Percutaneous stent therapy for vascular stenosis is an established cornerstone in congenital heart disease. Since stent therapy was first reported in 1986 in adult coronary arteries by Peul and Sigwart, and in pulmonary arteries in children in 1991 by O’Laughlin and colleagues, much progress has been made in this field. However, the majority of the work has been in the adult arena, with pediatric applications receiving “orphan” status, or in some cases, none at all. The major regulatory authorities have focused primarily on adult outcomes, and owing to the almost universal application of stents for coronary artery disease, little work has been completed in a systematic manner in the pulmonary arteries and systemic veins. In addition, commercial entities and device manufacturers have focused their attention on major sources of income, again assigning the pediatric population to a secondary status. The pathophysiology of adult vascular stenosis is mostly related to coronary artery disease, while in pediatrics, congenital stenosis or post-surgical vascular compromise is more frequent.

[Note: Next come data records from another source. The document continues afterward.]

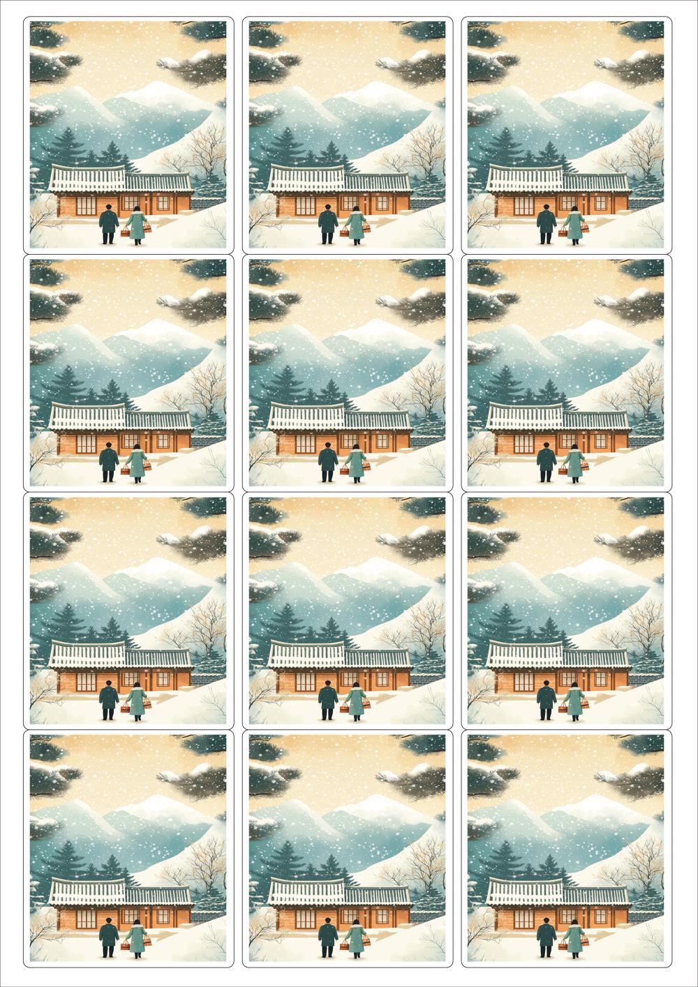 디자인된 A4 라벨지 출력용 라벨스티커, 규격코드: 234, 디자인코드: DA1575(설, 따뜻한 귀향), 63.4 x 71.53 (mm)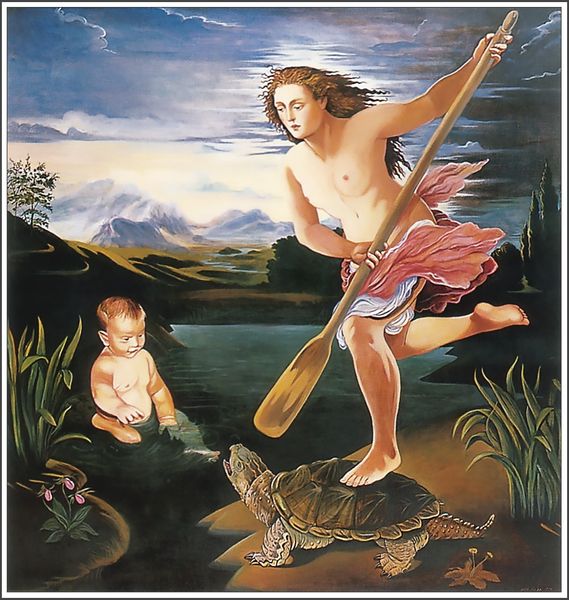 Editor: So this painting, “Garden Hose” by Edith Vonnegut, is really something. I mean, a nude woman is seemingly strangling a tiger with a garden hose, while a baby watches nearby. The juxtaposition of innocence and, well, potential violence, is quite striking. What do you make of it? Curator: It's certainly provocative, isn't it? It strikes me as a powerful commentary on the societal roles imposed upon women. Consider the title, "Garden Hose"—domestic, commonplace. Yet, the artist places this object within a scene of almost mythological struggle. It's the expectation versus the reality of female experience. Editor: So, the garden hose represents the confines of domesticity? Curator: Precisely. And the tiger, perhaps, is the untamed spirit, the rage or passion that society expects women to suppress. The child could represent the next generation inheriting this complex dynamic. Notice the lighting, how it spotlights the struggle and leaves the background almost dreamlike. What impression does that create for you? Editor: It isolates the figures, intensifies the scene, as if this is a performance witnessed by few, yet crucial for everyone involved. A struggle not necessarily lived openly. Do you see echoes of historical artwork, especially considering the poses? Curator: I think the echoes of romanticism, maybe even some art nouveau influence, serve to heighten the sense of drama while making this incredibly uncomfortable scene, something palatable for an art audience. Is Vonnegut forcing us to confront a complex legacy of beauty that contains brutality? Editor: It's a lot to unpack! Seeing it as a social commentary, as a statement about female identity, gives a completely new and deeper context, I now feel. Curator: Indeed. Art at its best sparks dialogue, forcing us to reconsider our own perspectives. And sometimes… what seems bizarre on the surface offers a much richer analysis in retrospect.
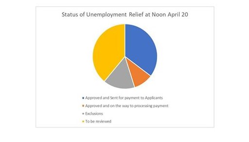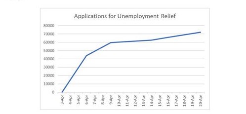 As of April 20, 2020, a total of 72,213 applications have been submitted since the Unemployment Relief Program was opened to accept applications on April 3, 2020. This includes some of the applications submitted via hard copy, which have begun to be entered into the online portal.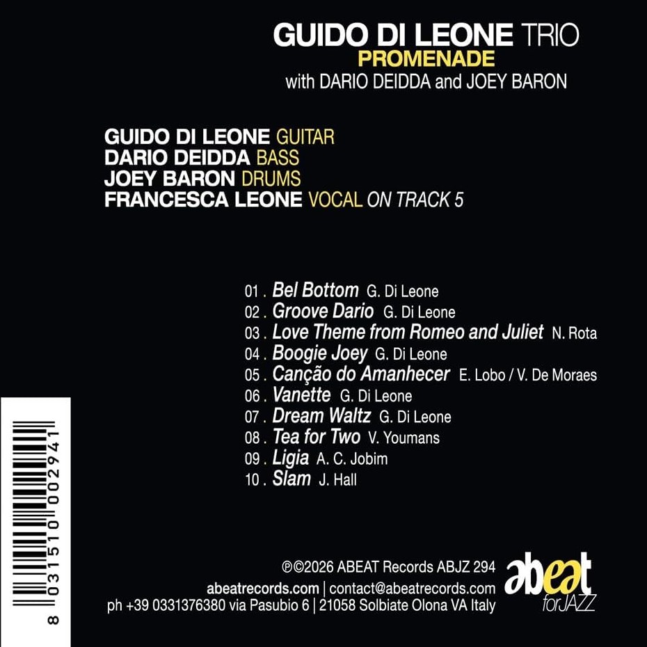 «Promenade», pubblicazione postuma di Guido Di Leone per Abeat Records, nasce da una sessione registrata presso il Mast Recording Studio il 27 maggio 2025, e reca in sé un valore che travalica la semplice testimonianza discografica, proponendosi piuttosto come compendio di un pensiero musicale giunto a piena maturazione.

Of much greater importance though, is the reality that after adult stent implantation, required redilation is infrequent (since subsequent restenosis is likely from progression of in-stent stenosis and progression of underlying coronary artery disease), while in children, growth and development have to be taken into account when placing intra-vascular stents. It is obvious to pediatric practitioners that any stent placed should be able to be expanded ultimately to an adult size (during subsequent cardiac catheterization), thus obviating the need for further surgical intervention in many cases. That same pre-requisite (ability to dilate to adult size and maintain radial integrity), also drives many of the fundamental structural features of implantable stents in children. That being said, the shaft size should be as small as possible (to incur little if any vascular damage), the intrinsic materials used should be non-leachable, the expanded radial strength should be maximized, and endothelial vascular reactions should be minimal. It is in following patients after such vascular implantations that the impact on pathology and chronic stent outcomes (over multiple years) is not clearly understood. Hence the significance of this pilot. If successful in demonstrating that “automated device tracking” across multiple institutions using the Electronic Medical Record (EMR) is possible and accurate, this study could in turn lay the groundwork for substantial and extensive long-term follow up of this group of patients. Needless to say, cumulative outcome data in regard to “off-label” use of an USFDA approved device could ultimately be of use for a label expansion application.